So what we can do is that as we start training,
as our optimization progresses,
we can sharpen this probability distribution.
So that by the time we are nearing convergence,
this distribution has gone back to being an indicator function.
And points will take only a single path through the tree.
So you get the differentiability as well as
efficiency in this particular case.
Okay, so here is our algorithm for
training Bonsai based on gradient descent.
It has just two steps in each iteration.
And these are the two steps.
And we'll keep repeating these two steps until we converge, and
typically we converge in about 300 or
400 iterations very quickly.
A good quality solution.
So let me just outline the two steps for you.
The first step, we start off with the feasible initialization
of the budget for the parameters, and then,
we freeze the budget allocation to the various nodes, and
then we apply K steps of mini batch gradient descent.
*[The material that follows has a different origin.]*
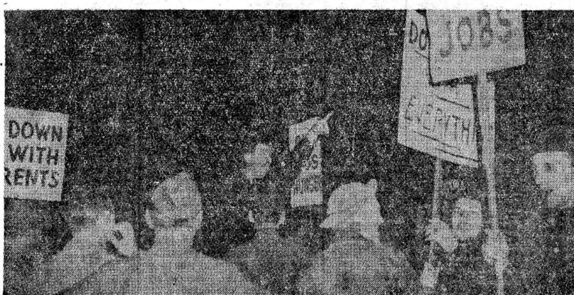
Members of the New York State Guard dressed as workers are harangued by an "agitator" in "realistic" drill staged by Wall Street Colonel. Other guardsmen armed with two-foot oak clubs dispersed the "agitators" who are seen carrying picket signs reading: "Our Kids Are Hungry," "We Want Jobs," etc.

His voice was filled with scorn as he described the role of the "liberal" U. S. Supreme Court which refused even to hear an appeal on the case.

So in this we are constantly improving the model,
we're constantly lowering the loss, but
the budget is fixed across nodes, right?
>> [INAUDIBLE] >> The memory budget, right?
So you can see the root node has, I don't know, you tell me
how many red squares, that's the budget that was allocated to it,
and then the leaf nodes have a slightly lower budget, etc.
>> The number of support.
>> Yeah, so the support is fixed and the number of non zeroes
that you will allow in each of these theta t's and W's.
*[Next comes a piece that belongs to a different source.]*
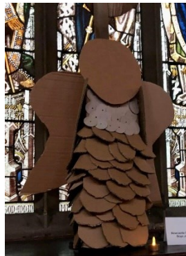
Newcastle School for Boys Juniors

There were some practical problems with how to get an angel to stand upright — unlike a Christmas tree, an angel doesn’t sit in a pot! People rose to the challenge, however, and came up with some quite ingenious designs: angels on a frame, angels hung from Christmas trees, even an angel built over a
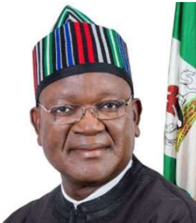
His Excellency CHIEF DR. SAMUEL ORTOM Executive Governor, Benue State.

So we take K steps of gradient decent with this fix support,
with the fixed budget for the nodes.
And then in order to find a better allocation of the memory
budget, we take a dense gradient step in the next iteration and
this will give you a completely dense solution.
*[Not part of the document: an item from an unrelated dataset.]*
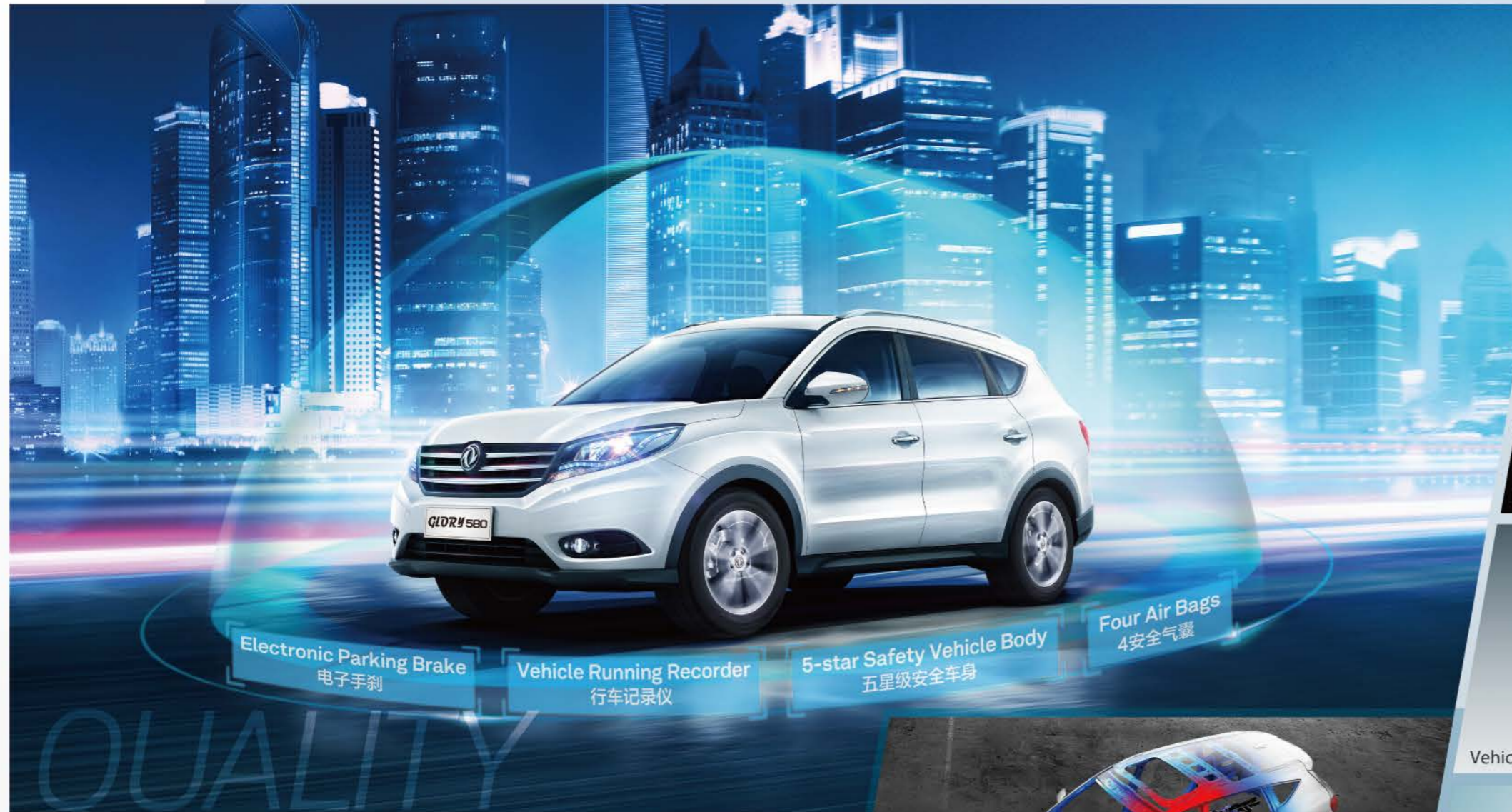
Electronic Parking Brake 电子手刹

The considerate intelligence and safety equipment offers the high-quality driving and seating experience for you and your family. Everything only for you.

But then you can project back onto the feasible step using
iterative hard thresholding.
So you get a better allocation of the budget.
So, for example,
some budget might move from the root node to the left child.
Another piece of the budget might move from the left most
leaf to the next child, etc.
So we keep applying these iterations, and
we find that empirically we, on many datasets, we converge
within 300 iterations to quite a good quality solution, okay?
Let me also briefly present ProtoNN,
which is a compressed k-nearest algorithm
that has been developed by Prateek and his team.
I won't go into the details of nearest neighbor classification.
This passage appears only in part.